Third, in response to LizardBreath: I’m not sure that a comparison to The Lord of the Rings is that instructive, since Tolkien essentially wrote Hobbits as middle class English people and then gave them a fantastic name and hairy feet. It’s also surely significant that we see Hobbits from the inside, as it were, as opposed to the Folk’s imposed alienness, as is the fact that all the races in The Lord of the Rings to whom we get such a window are clearly analogues to Europeans. The Folk are something very different to this. They are not, as in Avatar (the James Cameron movie, not the Nickolodeon animated series, which is fantastic, nor the M. Night Shyamalan movie of that series, which is awful), Native Americans who have been painted blue, made three meters tall, and given USB connections to their planetary consciousness (not that this wasn’t a problematic representation as well). They are something genuinely alien (notwithstanding Felix’s point that there is a more comprehensible Folk society which the books don’t show us), and what’s most important to me, they literally have a different relationship with the land than humans do.

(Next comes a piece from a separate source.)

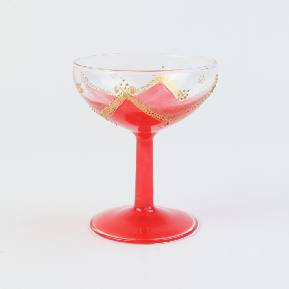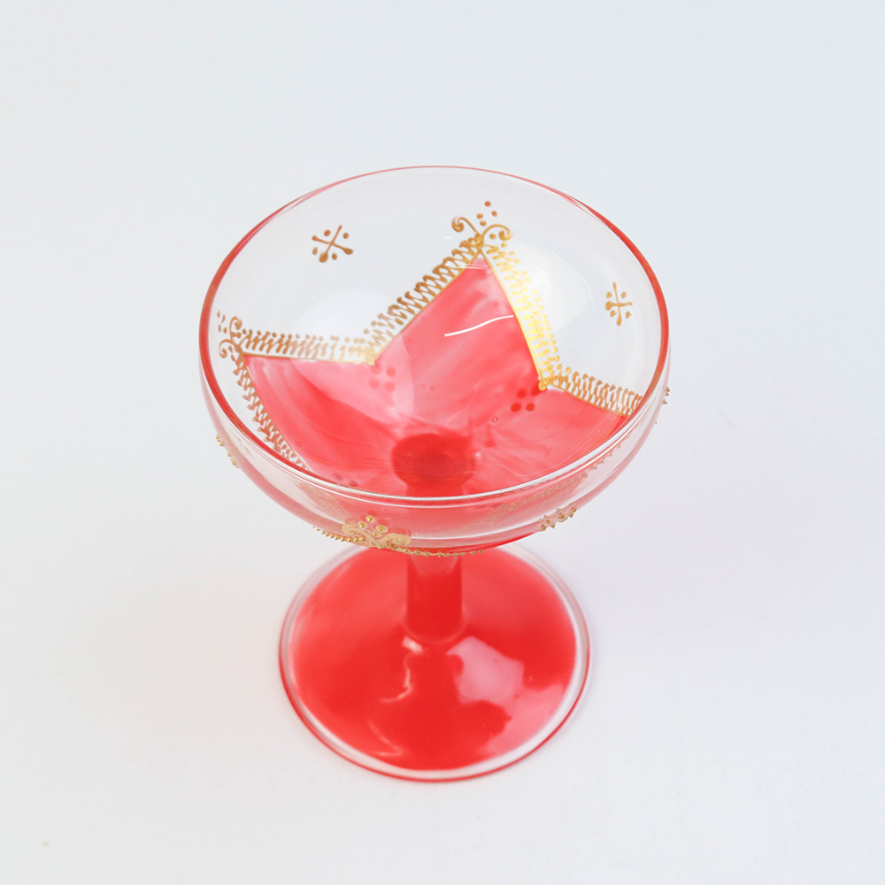 モロッコのエキゾチックな絵柄の手描きのカクテルグラスです。リサイクルグラスに、一つ一つ職人さんが丁寧に手描きした風合いあるデザインと豊富なカラーが魅力的です。こちらは食品検査を通していない商品なので、雑貨としてご使用ください。
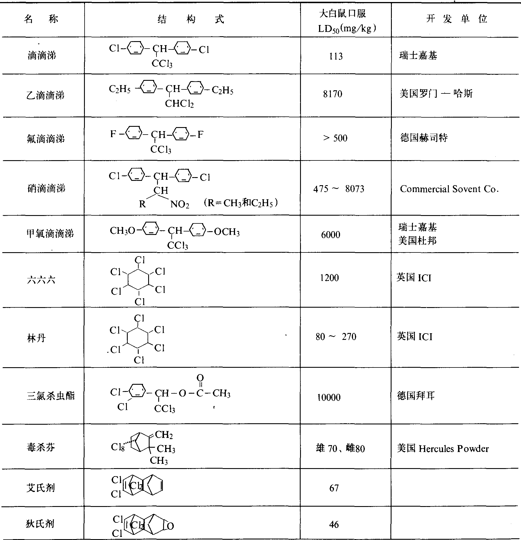 有机氯杀虫剂organ ochlorines insecticides一类含氯有机合成杀虫剂,也是发现和应用最早的一类人工合成杀虫剂。20世纪40~ 70年代,在全世界广泛使用,在防治农林、卫生害虫方面,发挥过重大作用。70年代后,大部分品种相继被限用或禁用。 简史 有机氯杀虫剂主要是滴滴涕(DDT)和六六六(BHC)。滴滴涕是1874年德国蔡德勒(D.Zeidler)合成的,但其杀虫活性却是瑞士缪勒(P.Muller)于1939年间才发现的。1940年,瑞士嘉基(Geigy)公司开始生产。在第二次世界大战期间,广泛用于灭虱和灭蚊,对控制斑疹伤寒和疟疾的传播起了重大作用,挽救了几千万人的生命。六六六为1825年由法拉弟(M.Faraday)首先合成。1912年荷兰凡· 德· 林登(Van der Linden)发现六六六为含四个同分异构体——甲、乙、丙、丁的混合物。后来又陆续发现了另外三种同分异构体和少量七氯和八氯环己烷。1941年英国和法国先后发现了它的杀虫活性。英国卜内门(ICI)公司在40年代进行了系统的开发工作,证实丙体活性最高。为纪念林登,特把含丙体99%以上的六六六命名为林丹。滴滴涕和六六六一样,在40~70年代,也是世界上吨位最大,使用最广泛的杀虫剂,在防治农林害虫和卫生防疫方面发挥过重大作用。 20世纪40年代后期到50年代初期是有机氯杀虫剂大发展时期。这期间开发的类似DDT品种有:乙DDT(pherthane)、氟DDT(DFDT),硝DDT(dilan)、甲氧DDT(methoxy chlor)等。但其使用的范围和吨位,都远不如DDT,而其稳定性都较滴滴涕差,速效性较快,残效性较短,对环境污染轻。同期出现的重要品种还有以松节油为原料的毒杀芬,以环戊二烯为原料的艾氏剂、异艾氏剂(isodrin)、狄氏剂、异狄氏剂(endrin),七氯(heptachlor)、氯丹(chlordane)、硫丹等都曾在世界范围内广泛使用。由于大多数有机氯杀虫剂活性稳定,大量广泛应用后,也产生了一系列问题,如造成环境污染、破坏生态平衡,以及通过生物链浓缩,对人畜可能产生慢性中毒,甚至进入人奶或牛奶中,对婴儿的健康造成潜在危害。因此早在1963年美国卡森(Rachel Carson)女士,在她的《寂静的春天》一书中就提出了警告。尽管对有机氯杀虫剂的致突变、致畸、致癌作用,还有不同看法,但出于对人体健康的高度重视,对改善环境生态的强烈愿望1970年前后,许多国家都颁布了禁用或限制使用有机氯杀虫剂的规定。只有少数品种,如甲氧滴滴涕、三氯杀虫酯(acetofenate)等,不污染环境,没有累积毒性,还在广泛应用。 在中国,1944年开始合成滴滴涕,1946年有少量试生产,1950年正式在泸州化工厂大量生产。六六六合成研究始于1949年,1951年投入工业化生产,品种不多。但80年代以前,却在杀虫剂中占很大比重在控制农林害虫,如蝗虫、小麦吸浆虫、水稻螟虫、果树实心虫、棉花害虫等及防治卫生害虫,跳蚤、虱子、蚊蝇等都发挥了巨大作用。直到1983年全面禁止生产和使用。目前高丙体六六六可以在防治森林害虫和一些土壤害虫中使用。 品种类型 通常根据生产原料不同,把有机氯杀虫剂可分化为: 以苯为原料的品种,如滴滴涕、六六六等; 以炼焦副产品环戊二烯为原料的品种,如氯丹、七氯、艾氏剂、狄氏剂、硫丹等; 以林业副产品松节油为原料的品种,如毒杀芬等。(见表)

I feel that I’ve started repeating myself, so I’m going to try to sum up my problem with the way the books handle the Folk. I think the issue is the choice to view the Folk from the outside and the metaphor of the half-made world, in which the Folk do not solidify the land. Either one on its own might not have been problematic. If the Folk were still so alien as to be able to live in the unmade world without solidifying it, but we got an inside view on their society, the argument that they’re not meant to be direct parallels to Native Americans but are original fantasy beings who share some qualities with them (and African slaves, and fairies) would hold more water. If the Folk were opaque to the readers, but more obviously human, it would be clearer that they were being seen from the outside by the characters, not the author. The combination of the two, to my mind, plays into some of the worst tendencies of the fantasy genre when it comes to acknowledging the humanity of native, non-European peoples.


Henry 05.20.13 at 9:06 pm

Again, I disagree here with Abigail’s argument here – not to say that it isn’t a possible reading, but to disagree with her contention (if I get it right from the final sentence about the “worst tendencies” etc) that it is a reading so powerful that it basically overwhelms any other. It’s clear that the books fail in this sense for her, but there are other possible readings, which are not damning, and which seem to me equally plausible (or, for me personally, rather more plausible). The difference between the routinization that happens at the hands of the Gun and Line, and the Folk not solidifying the world can be read just as easily as a metaphor for the differences between the systematizing and rationalizing aspects of West European/US cultures as opposed to other cultures. To say that there is something importantly different between the play of meaning implicit in the Balinese cockfight and the bureaucratic procedures of the nineteenth century Prussian Beamter is not, obviously, to say that the former represents something inhuman or unnatural in comparison to the former. Obviously, there are traps there that you want to avoid – exoticization can be its own set of problems – but they can be avoided. I don’t think that one can read from the implied statement that some cultures impose a different kind of order on the world than others, a strong statement that cultures which do not impose this order are alien and inhuman. And indeed, if there is a normative case in the books that some cultures are perverse, unnatural and inhuman, it is far more easily made for Gilman’s depiction of the Line (which is nothing more than the quintessence of Western organized industrialism – Weber’s iron cage, or steel-hard casing, depending on your preferred translation) than anything else. Or to put it differently – I think that Abigail is quite right that there is a set of common reading protocols among f/sf readers, which might cause readers to skip over these complexities – but I don’t think that these are the only possible, or the intended, or the best set of protocols to read these books with.